INSTRUCTIONS TO FOLLOW:
The whole listing needs to be written out exactly, except for any images.

GIVEN DATA:
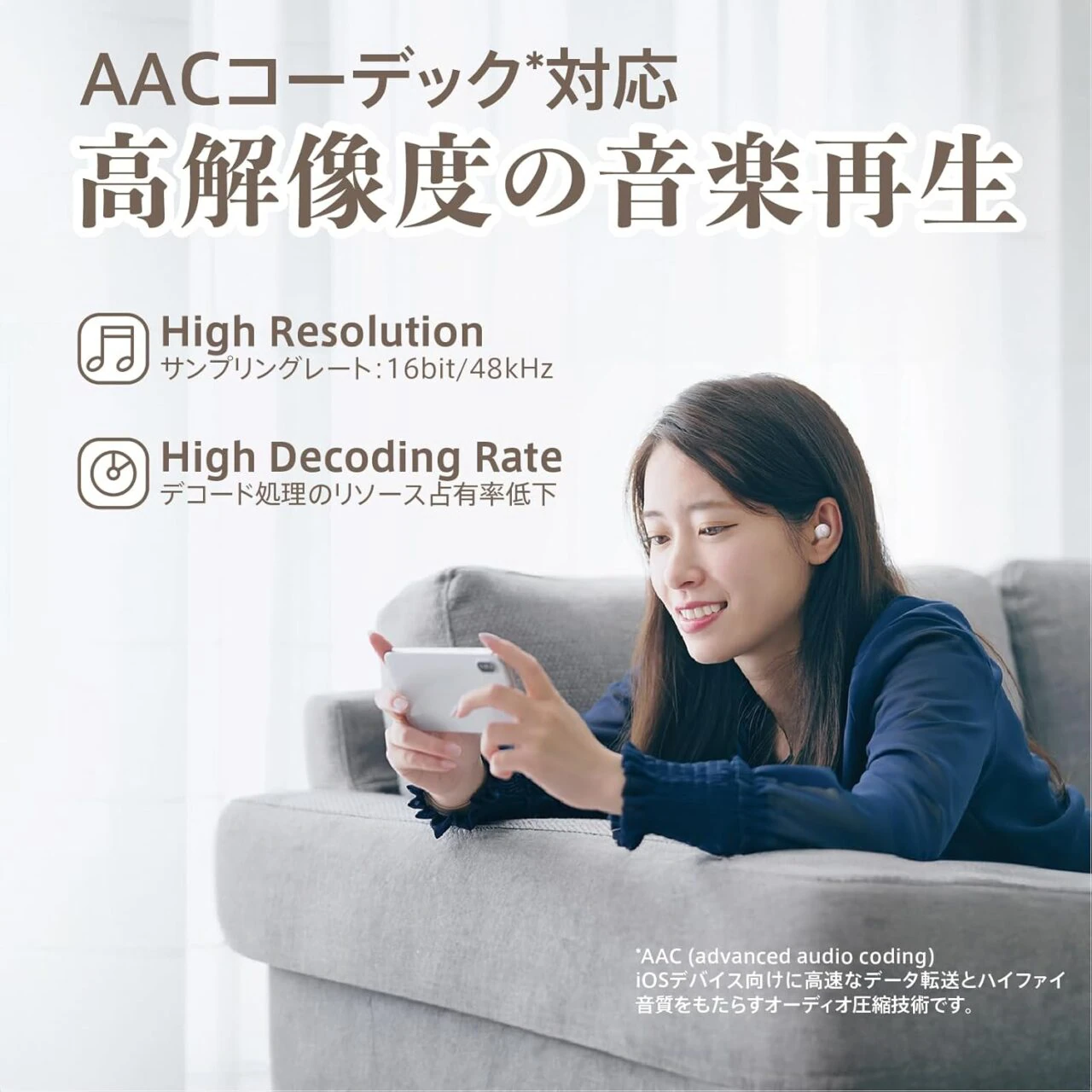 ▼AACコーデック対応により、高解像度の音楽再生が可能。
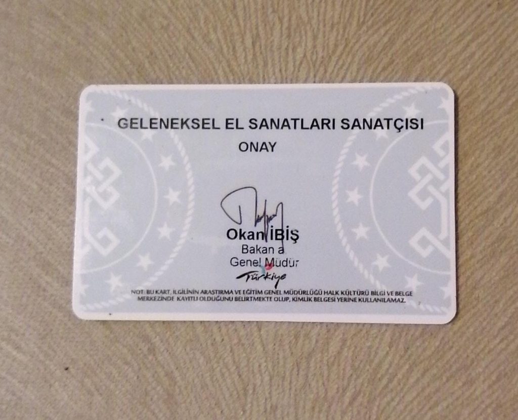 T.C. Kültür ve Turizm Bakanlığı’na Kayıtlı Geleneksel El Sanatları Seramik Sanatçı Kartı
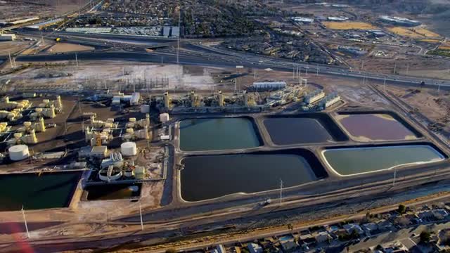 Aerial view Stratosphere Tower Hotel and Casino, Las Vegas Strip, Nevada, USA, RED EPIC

OUTPUT BELOW:
 ▼AACコーデック対応により、高解像度の音楽再生が可能。
 T.C. Kültür ve Turizm Bakanlığı’na Kayıtlı Geleneksel El Sanatları Seramik Sanatçı Kartı
 Aerial view Stratosphere Tower Hotel and Casino, Las Vegas Strip, Nevada, USA, RED EPIC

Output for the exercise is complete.